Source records
......

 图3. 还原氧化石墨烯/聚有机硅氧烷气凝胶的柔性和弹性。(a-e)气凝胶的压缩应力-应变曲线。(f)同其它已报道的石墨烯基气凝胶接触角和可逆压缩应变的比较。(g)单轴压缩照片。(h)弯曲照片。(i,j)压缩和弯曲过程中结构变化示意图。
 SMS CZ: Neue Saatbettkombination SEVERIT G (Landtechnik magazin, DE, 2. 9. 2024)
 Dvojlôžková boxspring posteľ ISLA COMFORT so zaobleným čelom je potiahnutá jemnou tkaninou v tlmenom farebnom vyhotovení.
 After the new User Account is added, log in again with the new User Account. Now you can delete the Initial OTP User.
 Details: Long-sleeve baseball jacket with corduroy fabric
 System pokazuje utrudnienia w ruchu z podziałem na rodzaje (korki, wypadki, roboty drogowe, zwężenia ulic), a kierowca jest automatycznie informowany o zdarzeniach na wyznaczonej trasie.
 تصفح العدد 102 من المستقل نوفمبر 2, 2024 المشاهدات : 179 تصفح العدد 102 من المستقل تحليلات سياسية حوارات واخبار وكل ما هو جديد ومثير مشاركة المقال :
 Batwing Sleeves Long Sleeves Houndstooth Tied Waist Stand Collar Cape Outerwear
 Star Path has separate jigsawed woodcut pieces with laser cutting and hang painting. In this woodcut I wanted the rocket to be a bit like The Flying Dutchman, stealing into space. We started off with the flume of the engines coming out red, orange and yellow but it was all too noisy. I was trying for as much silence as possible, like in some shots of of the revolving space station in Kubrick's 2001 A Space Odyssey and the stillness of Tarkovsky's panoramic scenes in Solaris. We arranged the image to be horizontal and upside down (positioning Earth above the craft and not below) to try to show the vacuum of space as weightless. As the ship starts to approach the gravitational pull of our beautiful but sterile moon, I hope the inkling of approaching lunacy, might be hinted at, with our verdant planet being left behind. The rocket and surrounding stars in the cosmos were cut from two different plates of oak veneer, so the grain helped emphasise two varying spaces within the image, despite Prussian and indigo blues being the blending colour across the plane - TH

......

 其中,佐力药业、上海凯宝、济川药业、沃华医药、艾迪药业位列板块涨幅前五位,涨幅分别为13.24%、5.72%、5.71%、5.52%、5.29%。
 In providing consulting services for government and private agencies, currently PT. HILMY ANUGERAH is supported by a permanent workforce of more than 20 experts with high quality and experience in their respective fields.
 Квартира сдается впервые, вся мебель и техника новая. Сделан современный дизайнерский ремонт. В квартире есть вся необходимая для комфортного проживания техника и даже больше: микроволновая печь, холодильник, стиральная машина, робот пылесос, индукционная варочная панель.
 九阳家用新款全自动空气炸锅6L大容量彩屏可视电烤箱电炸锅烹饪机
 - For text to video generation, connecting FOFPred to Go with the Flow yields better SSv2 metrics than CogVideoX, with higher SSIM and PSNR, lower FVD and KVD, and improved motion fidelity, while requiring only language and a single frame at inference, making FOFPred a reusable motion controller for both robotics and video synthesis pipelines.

......

### Required action
Your reply should hold every line from the data that contains "Long", copied in full.

### Exercise answer
 Details: Long-sleeve baseball jacket with corduroy fabric
 Batwing Sleeves Long Sleeves Houndstooth Tied Waist Stand Collar Cape Outerwear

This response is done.